Optimizing for-enumerate loop with numba - optimized version is slower

I am trying to optimize this function with numba:

@jit(nopython=False, forceobj=True)
def _packing_loop(data: List[str], indices: np.ndarray, strings: List[str], offsets: List[int], str_map: Dict[str, int], acc_len):
    for i, s in enumerate(data):
        # handle null strings.
        if not s:
            indices[i] = -1
            continue

        index = str_map.get(s)
        if index is None:
            # increment the length
            acc_len += len(s)

            # store the string and index
            index = len(strings)
            strings.append(s)
            # strings += s,
            str_map[s] = index

            # write the offset
            offsets.append(acc_len)
            # offsets += acc_len,

        indices[i] = index

The issue is that the optimized code is ~1.5 times slower (even if I pre-run the function once before benchmarking).

What is the possible reason? I would be also grateful for any suggestions on how to actually optimize this function.

P.S. I am not limited to numba, other approaches are also possible.

Solution

forceobj generate an inefficient code. To quote the documentation:

If true, forceobj forces the function to be compiled in object mode.

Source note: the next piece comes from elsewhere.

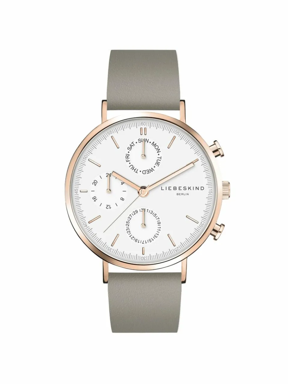 Mulitfunktions Damenuhr der Marke LIEBESKIND BERLIN mit Edelstahlgehäuse und hochwertigem Lederarmband.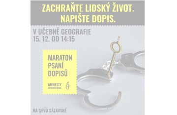 Jedná se o mezinárodní lidskoprávní akci, na které budeme společně psát dopisy nespravedlivě vězněným po celém světě. Akce se bude konat v učebně geografie 15. 12. od 14:15 do cca 16:00 na Gymnáziu Sázavské. Čas, kdy přijdete a jak dlouho na akci strávíte, je na vás a tom, jak moc se budete chtít rozepsat. (Připojit se bude možné i online.)

Since object mode is slower than nopython mode, this is mostly useful for testing purposes.

You should not use it in production. Besides, Numba do not supports well reflected lists. You should use typed lists for sake of performance. In fact, typing is what makes Numba fast. Without types, Numba cannot generate a compiled code and a slow interpreted version is executed. Note that strings are barely supported and clearly not efficient yet. AFAIK, Numba does not benefit from mypy type annocation like List[str]. I advise you to use Cython in this case. That being said, the speed up will be certainly small since you are dealing mostly with slow CPython dynamic objects.